As examples of that, Ms. Liebert cites early research on AIDS, gene therapy and psychopharmacology, all of which had trouble finding homes in established journals. "How much that relates to impact factor is hard to know," she says. "But editors and publishers both know that papers related to cutting-edge and perhaps obscure research are not going to be highly cited."
Another concern is that impact factors, since they measure only how many times other scientists cite a paper, say nothing about whether journals publish studies that lead to something useful.
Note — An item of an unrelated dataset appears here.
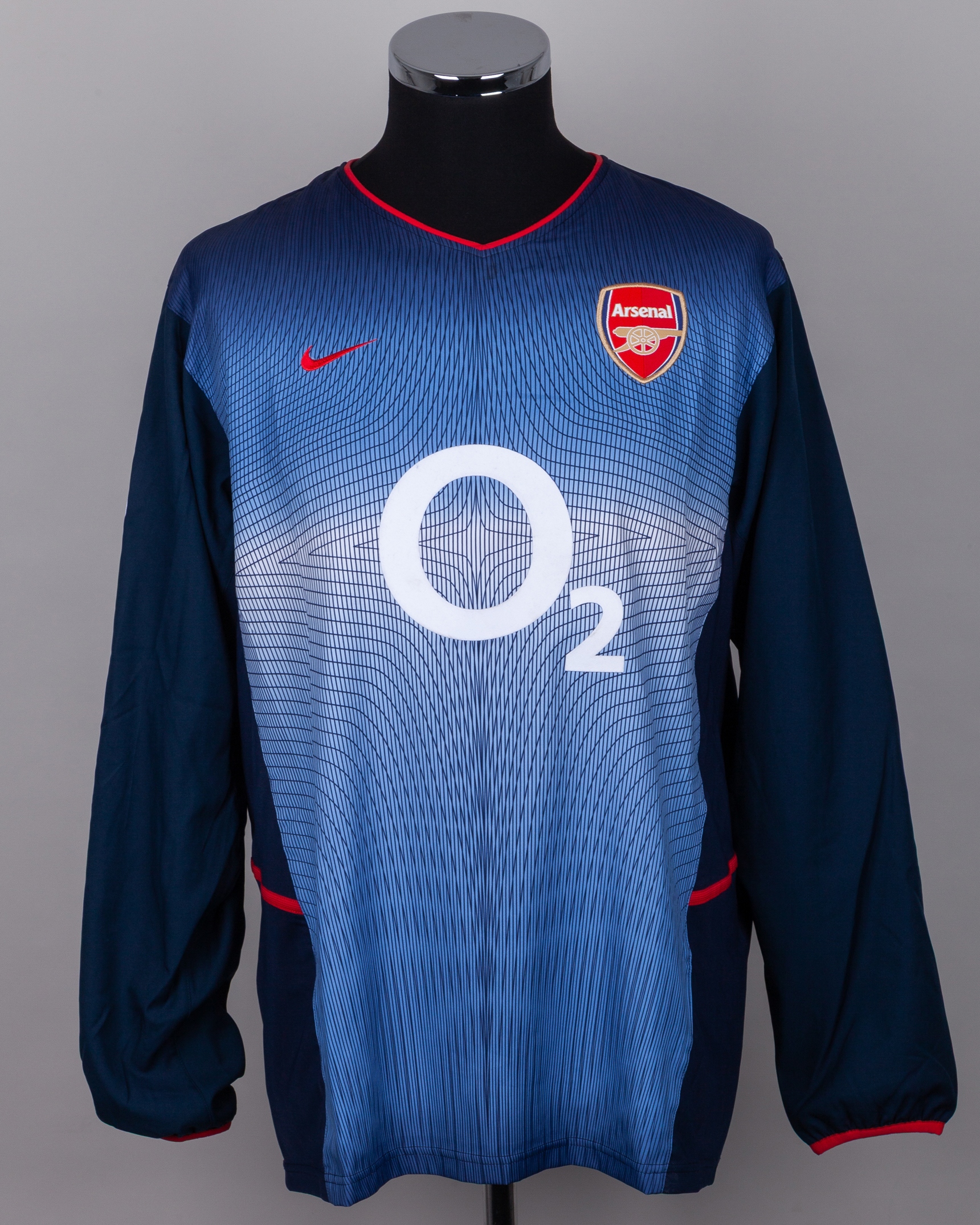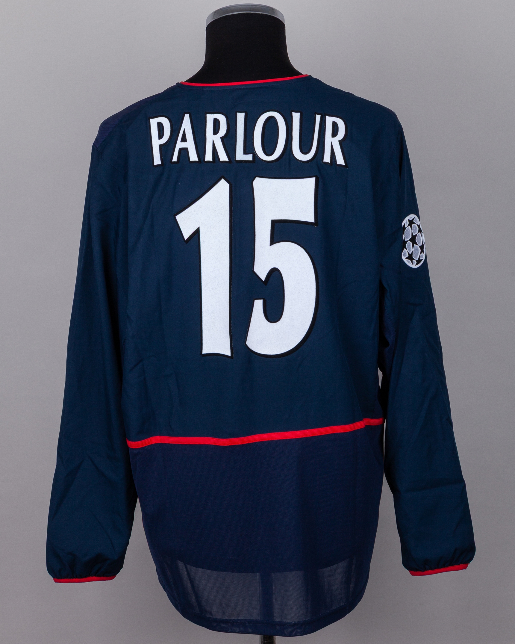 Ray Parlour blue No.15 Arsenal dual layer long-sleeved shirt, 2002-03, Nike, with v-neck collar and embroidered cloth badge inscribed Arsenal, the reverse lettered PARLOUR, the right sleeve with Champions League flash

As a result, there is pressure to publish studies that appeal to an academic audience oriented toward basic research.
Journals' "questionable" steps to raise their impact factors "affect the public," Ms. Liebert says. "Ultimately, funding is allocated to scientists and topics perceived to be of the greatest importance. If impact factor is being manipulated, then scientists and studies that seem important will be funded perhaps at the expense of those that seem less important."